王朝 鸡兔同笼求鸡兔总和最大最小问题

#include <stdio.h>
#include <stdlib.h>

int main()
{
    int leg,n,i;
    int Max,Min;
    scanf("%d",&n);
    for(i=0; i<n; i++)
    {
        scanf("%d",&leg);
        if(leg%2!=0)//当该定数之不成立时，及鸡兔的腿不可能是奇数
        {
            Min=0;
            Max=0;
        }
        else
        {
            if(leg%4==0)//腿的数目是4的倍数及可能完全是鸡或兔
            {
                   Max=leg/2;
            Min=leg/4;
            }
            else//否则这个该定的偶数只需减去一个鸡的腿及为兔的腿数目
            {
                  Max=leg/2;
                  Min=(leg-2)/4+1;
            }

        }

printf("%d %d\n",Min,Max);
    }


    return 0;
}

题目描述

Chicken and rabbits are in a same cage.
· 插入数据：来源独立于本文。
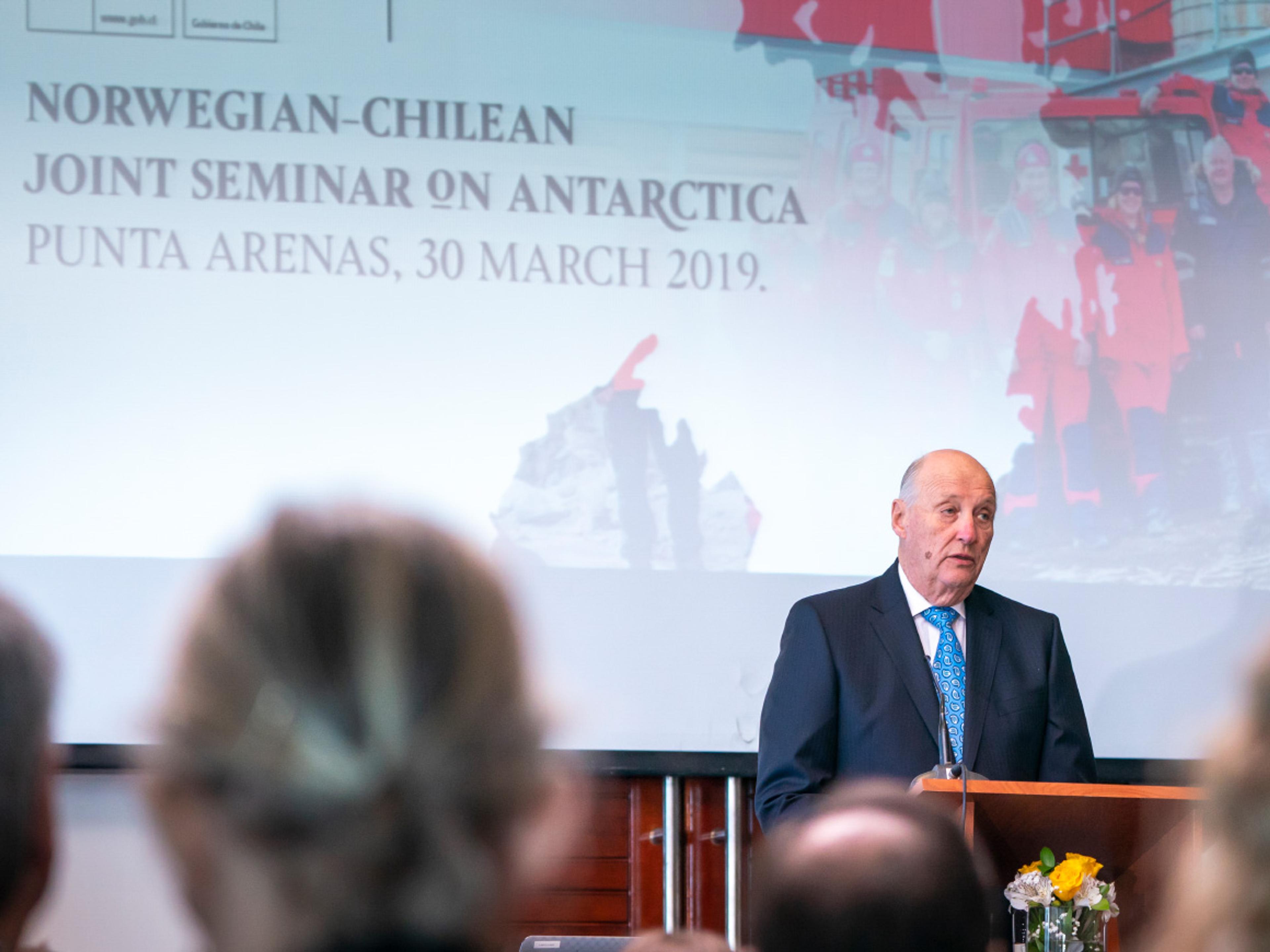 Norge og Chile har både felles interesser og historie i Antarktis. Dagens seminar tok opp viktige spørsmål som klimaendringer, bærekraftig forvaltning og vern. Kong Harald åpnet seminaret. Havet kan bidra med både mat og energi til jordens voksende befolkning - forutsetningen er at vi forvalter ressursene på en bærekraftig måte, påpekte Kongen.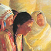 Sharp's first trip to the West was in 1883 at age 24. He visited pueblos in New Mexico (though not Taos), Santa Fe, Albuquerque, Tucson, and then took a boat up the West Coast and disembarked in the Washington Territory. In the northwest he encountered natives from numerous tribes, and the sketches he did on that trip would be the basis for his first Native American portraits. His love of the West notwithstanding, Sharp seemed to feel that his studies were never really over, and he again set off to Europe. He went to Germany, Italy, but spent most of his time in Spain, studying the Spanish masters El Greco, Velazquez, and Goya.

As we all know, chicken has two legs but rabbit has four. Now

we know the number of legs in the cage is A, please tell me how many animals may in the cage at least

and at most.

输入

The first line of the input contains the number of test cases in the file. Each test case that follows

consists of one lines. each case contains only one integer numbers A specifying the total legs in the

cage .

输出

For each test case, print a line contains the answer

样例输入

2
3
20

样例输出

0 0
5 10